We'll adopt our usual process: Plan, Write Tests, Implement, Test & Fix (as described in the development process instructions for HW6).
Check out the hints and tips on the side!
And in this phase, it really helps to draw a diagram.
You will need to submit a planning image for this phase, as Planning/Phase_6.jpg.
Your Task…
Moving size_
In order to make randomized insert work, you will need to know the size of each subtree. For Homework 6, you probably stored size_ as a data member of the TreeStringSet class. But that doesn't give you an easy way to find the size of a subtree!
Remember that a subtree is represented by the node that is the root of the subtree. If you want to know the size of every subtree, you need to move size_ into the Node class. Then the size of any (sub)tree is stored in its root's size_ data member!
In this step you will update your encoding so that size_ is a part of the Node struct (and no longer directly stored in the enclosing TreeSet<T> class) and then adjust your implementation as necessary.
Suggested Helper: nodeSize
Given a subtree, we might want to say subtree->size_ to find its size. However, empty trees are represented by a nullptr value, so this code won't work in that case. Rather than scatter nullptr checks into your code every time you want to know the size of a subtree, it's useful to write a helper function that takes a Node* pointer and
- If the pointer is
nullptr, returns 0. - Otherwise, returns the Node's
size_.
You can then use nodeSize(subtree) any time you need the size of the subtree and have it “just work” even if the subtree is empty. (It's your private helper function, so you don't have to call it nodeSize.)
To be clear, adding this helper function is strongly recommended. Using this function will make your code cleaner and easier to read, and reduce the chance of segfaults caused by trying to access size_ on a nullptr. If you find yourselves writing node->size_ to read the size of a node, stop. You probably want to be calling nodeSize(node) instead.
Maintaining Sizes
Think Through Maintaining Sizes with Rotations Concretely
Human beings are much better at concrete thinking than abstract thinking, and excellent at going from concrete examples to abstract understanding, so the easiest way to figure out what you need to do to update the sizes when rotating the tree is to work through a concrete example of updating an example tree with real sizes. When you do, you'll be able to see the pattern and generalize. Here's an example:

Draw this tree yourselves and see how the sizes of b and d change when you do a right rotation at d. How much did they change by? Can you see where that number comes from? Can you generalize that…?
You'll need to change your insert function and its associated helpers to make sure that the subtree size stored in each node is correct after each insert operation. Thus you will have to update your rotate functions so they properly update size_ in the subtrees involved in the rotation. It is very easy not to think this part through properly and make a mistake.
- Plan before you code. Understand how node sizes need to be updated when you rotate the tree. (See the pullout for more.)
- The amount of code you need to write is quite small, but understanding what that code needs to be requires some thinking.
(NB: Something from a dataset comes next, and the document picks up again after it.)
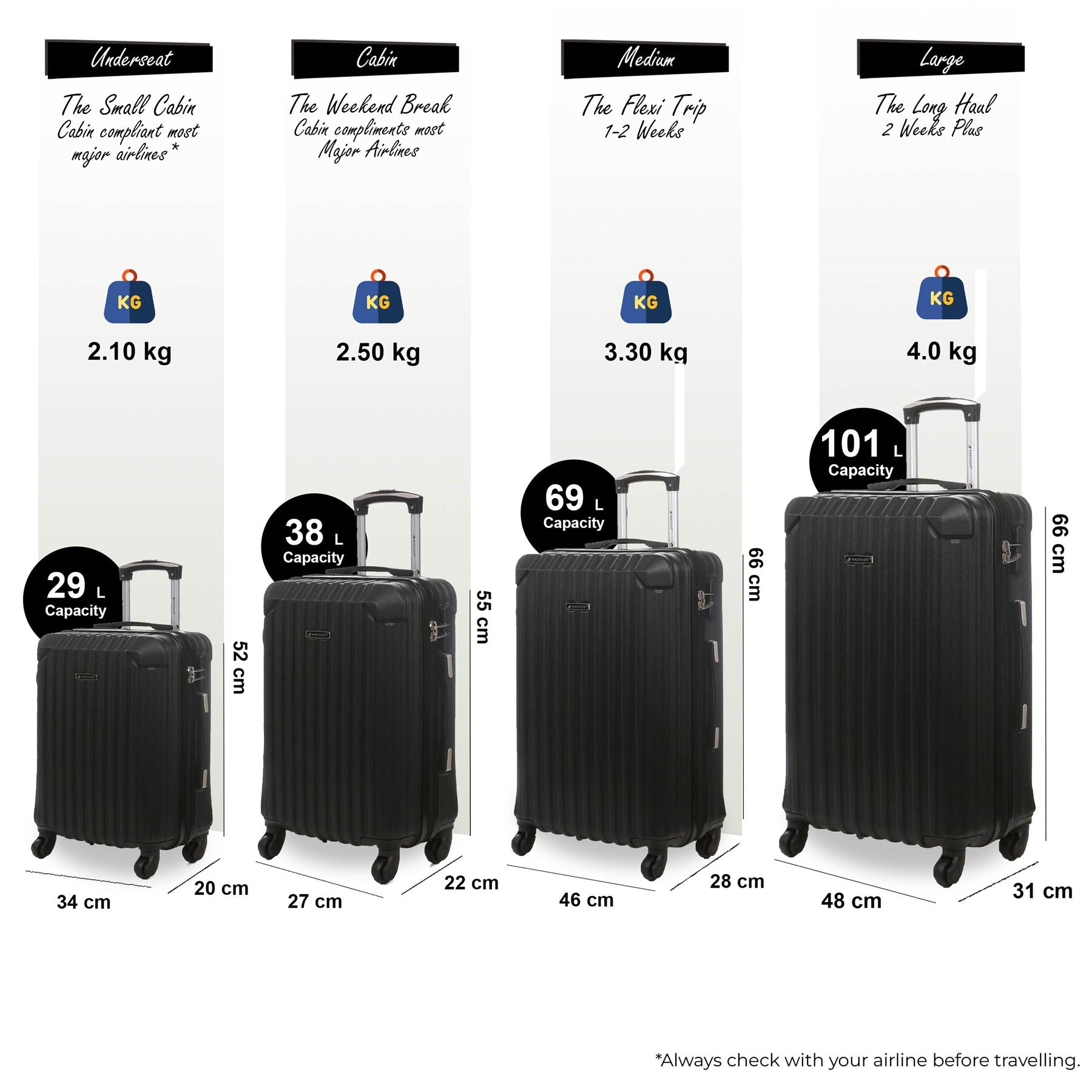• Corowa Set of 4 Hard Shell Suitcase in Black

Just as a rotation can be performed locally in constant time by just reassigning pointers in the relevant nodes, we can update the sizes in constant time using the sizes in the relevant nodes.
- Remember, use your
nodeSizehelper function to make your code cleaner and less error-prone!
Required Function: printSizesToStream
Meh. What use is this function?
It'll be a huge help in testing to make sure your subtree sizes are correct!
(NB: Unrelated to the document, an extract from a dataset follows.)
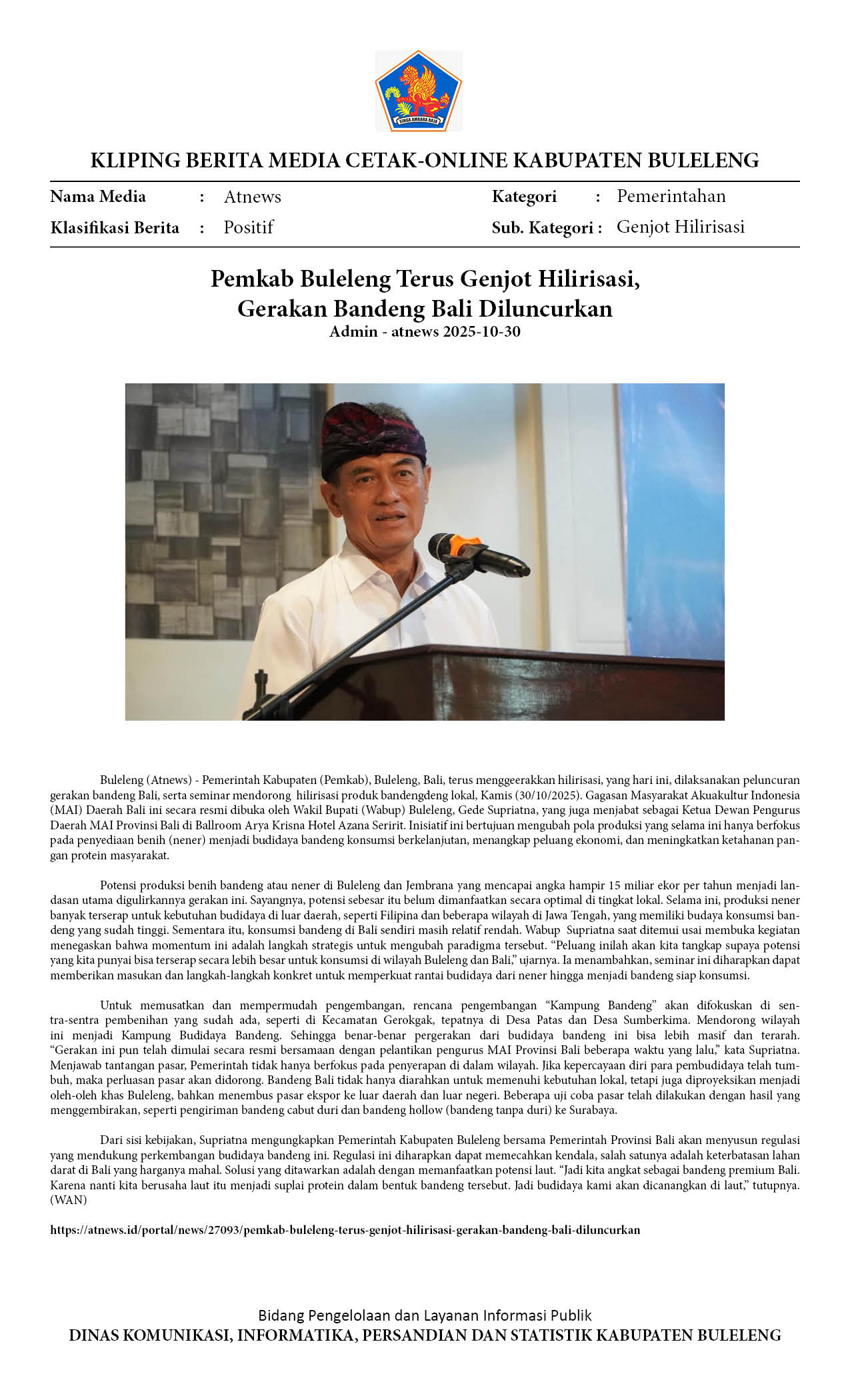 PEMKAB BULELENG TERUS GENJOT HILIRISASI, GERAKAN BANDENG BALI DILUNCURKAN

In fact, it's used in the test code we provide below.
Implement the public printSizesToStream function. It behaves just like the printToStream function, except that instead of printing the item for each node it prints the size of the subtree rooted at each node.
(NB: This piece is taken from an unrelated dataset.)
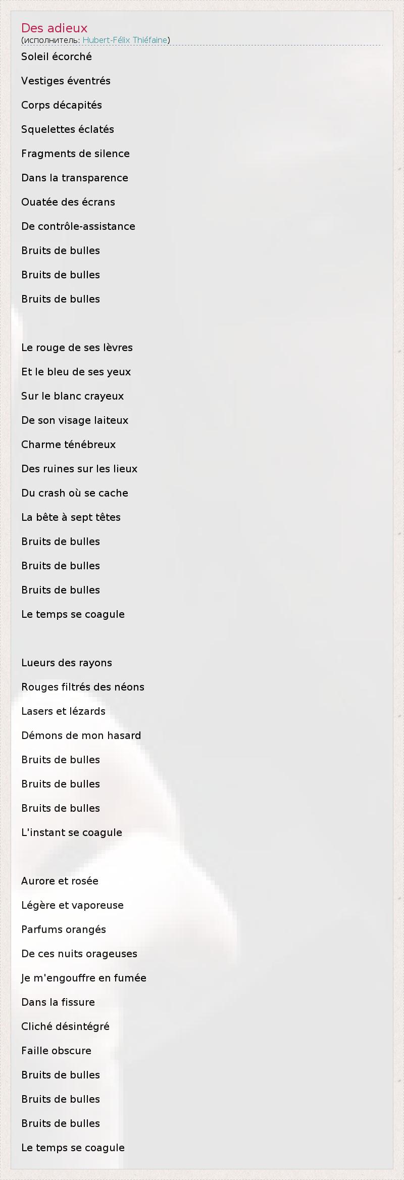 альбомы: La Tentation Du Bonheur, La tentation du bonheur / Le bonheur de la tentation, En concert à Bercy, Séquelles

Specifically, your printSizesToStream function should write your tree to the provided ostream (output stream) using the following algorithm, which is almost identical to the one you implemented for printToStream:
DISPLAY-SIZES(subtree): if the subtree is empty, PRINT 0 otherwise: PRINT "(" DISPLAY-SIZES(left subtree) PRINT ", " PRINT the size of this (sub)tree PRINT ", " DISPLAY-SIZES(right subtree) PRINT ")"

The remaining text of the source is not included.